AI’s environmental footprint is shrinking, thanks to significant software and renewable energy gains over the past year.
AI’s Energy Footprint Shrinks, But Volume Remains a Concern
The environmental impact of a single text request from AI is surprisingly small. Estimates suggest a median Gemini Apps text prompt uses 0.24 watt-hours of energy, emits 0.03 grams of carbon dioxide equivalent, and consumes about five drops of water. This energy use is comparable to watching roughly nine seconds of television.
However, the sheer volume of these requests is undeniably high. Integrating AI operations into every single search query represents a massive increase in compute demand that simply didn’t exist a couple of years ago. This means that while the individual impact is minor, the cumulative cost is likely substantial.

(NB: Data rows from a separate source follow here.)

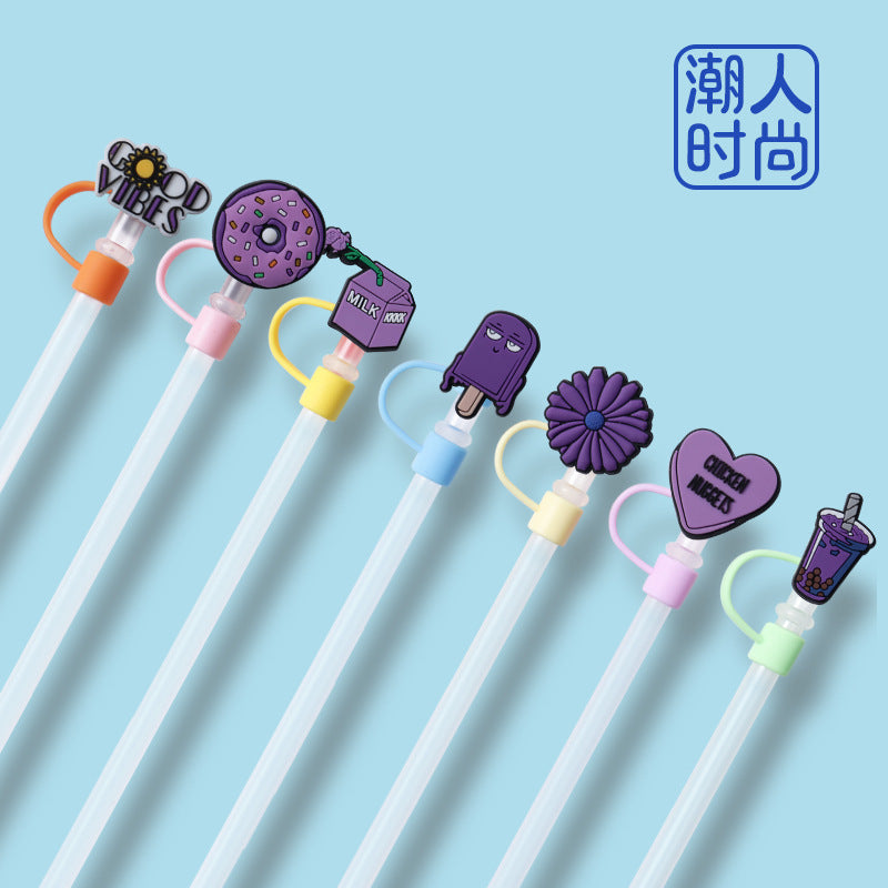 Wholesale 10mm 5PCS/SET Anime Cartoon PVC Dustproof Straw Cover
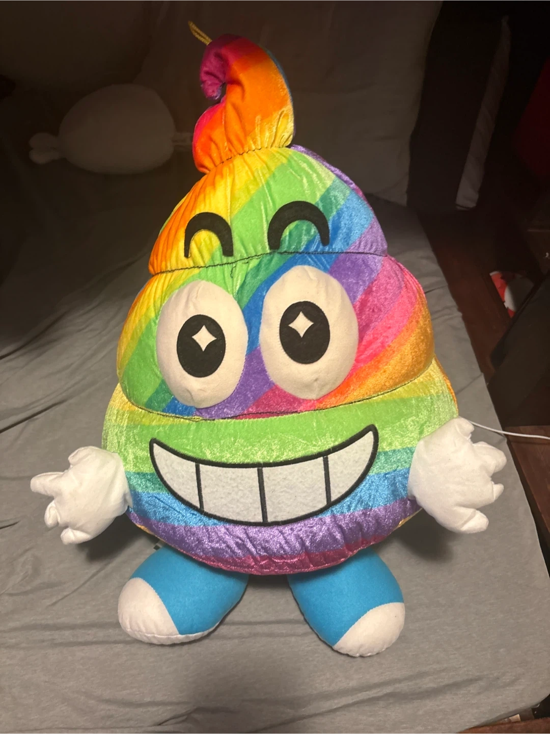 14Selling a colourful rainbow poop emoji plush! It's in great condition and ready to bring some fun to your space I won it at arcade and it is awsome lots of memories but times are tuff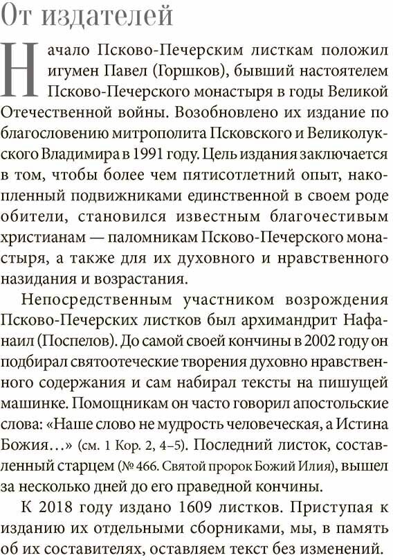 Псково-Печерские листки — уникальное собрание духовного опыта, накопленного насельниками Свято-Успенского Псково-Печерского монастыря более чем за 500 лет. Издаваемые еще со времен Великой Отечественной войны, эти листки и по сегодняшний день призваны помогать всем ищущим духовного возрастания и утешения. Теперь прикоснуться к многовековому опыту духоносных отцов смогут все — Псково-Печерские листки, старательно отобранные и оформленные, издаются отдельными, тематическими сборниками.

The good news? Just a year ago, the impact would have been significantly worse. This improvement stems from both circumstantial advantages and deliberate optimizations. The surge in solar power, particularly in the U.S., has made it easier to source renewable energy, resulting in a 1.4x reduction in carbon emissions per unit of energy consumed over the past year.
The most significant gains, however, have come from software advancements. Different approaches have led to a remarkable 33x reduction in energy consumed per request.
Credit:
Elsworth, et. al.
To arrive at these figures, a team tracked requests and the hardware serving them over a 24-hour period, also noting idle hardware time. This provided an energy-per-request estimate that varies by the AI model used. For each day, the median prompt was identified to calculate the environmental impact.

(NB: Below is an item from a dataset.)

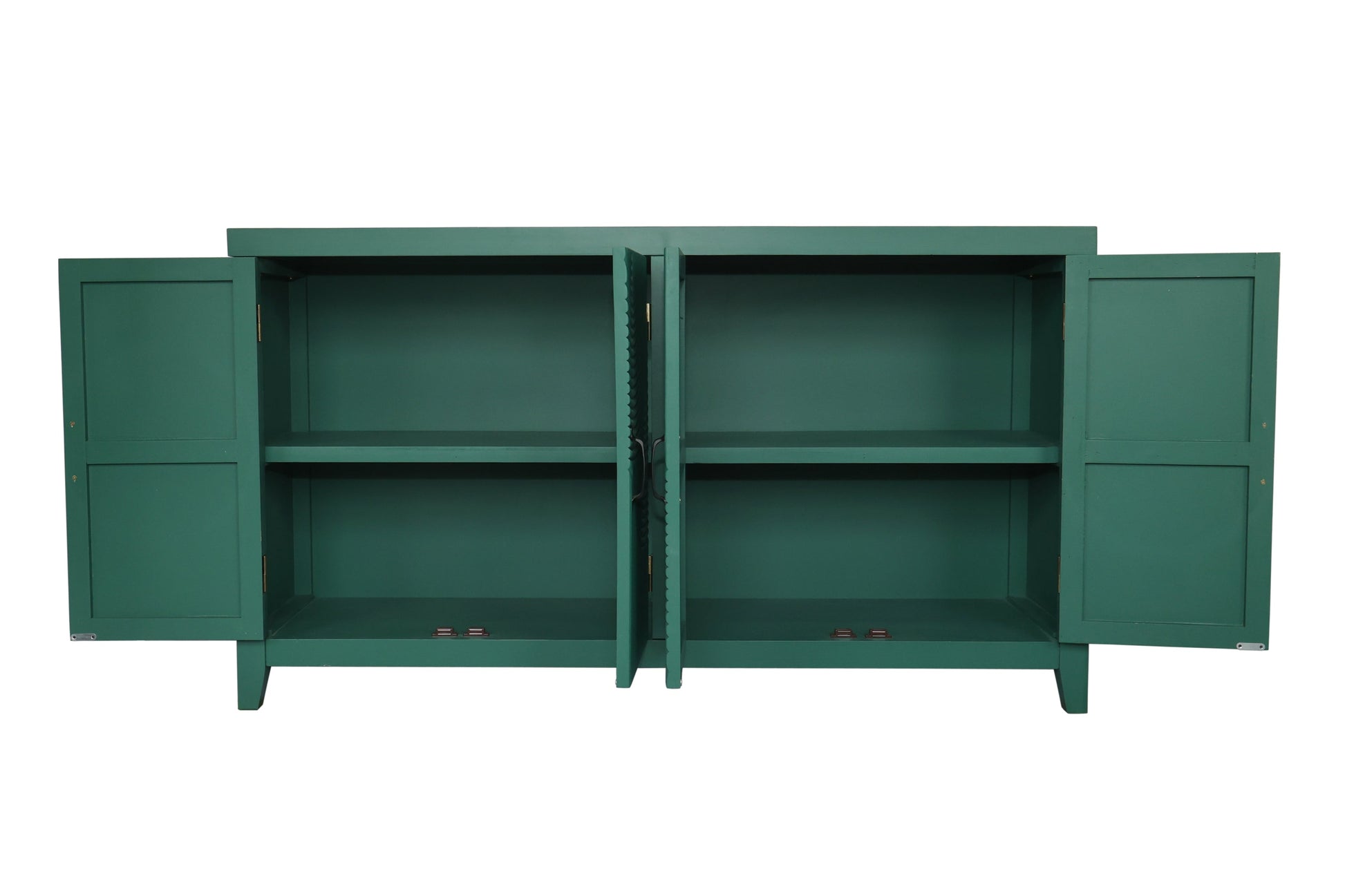 This 59-inch green accent cabinet with four doors fits perfectly in dining rooms, living rooms, or entryways, blending vintage mid century modern style with functional storage.

Key optimizations include the “Mixture-of-Experts” approach, which activates only the necessary parts of an AI model for a given request, potentially reducing computational needs tenfold to a hundredfold. Developing more compact AI model versions also lowers the computational load. Efficient data center management, ensuring active hardware is fully utilized and idle hardware is in a low-power state, further contributes to these savings.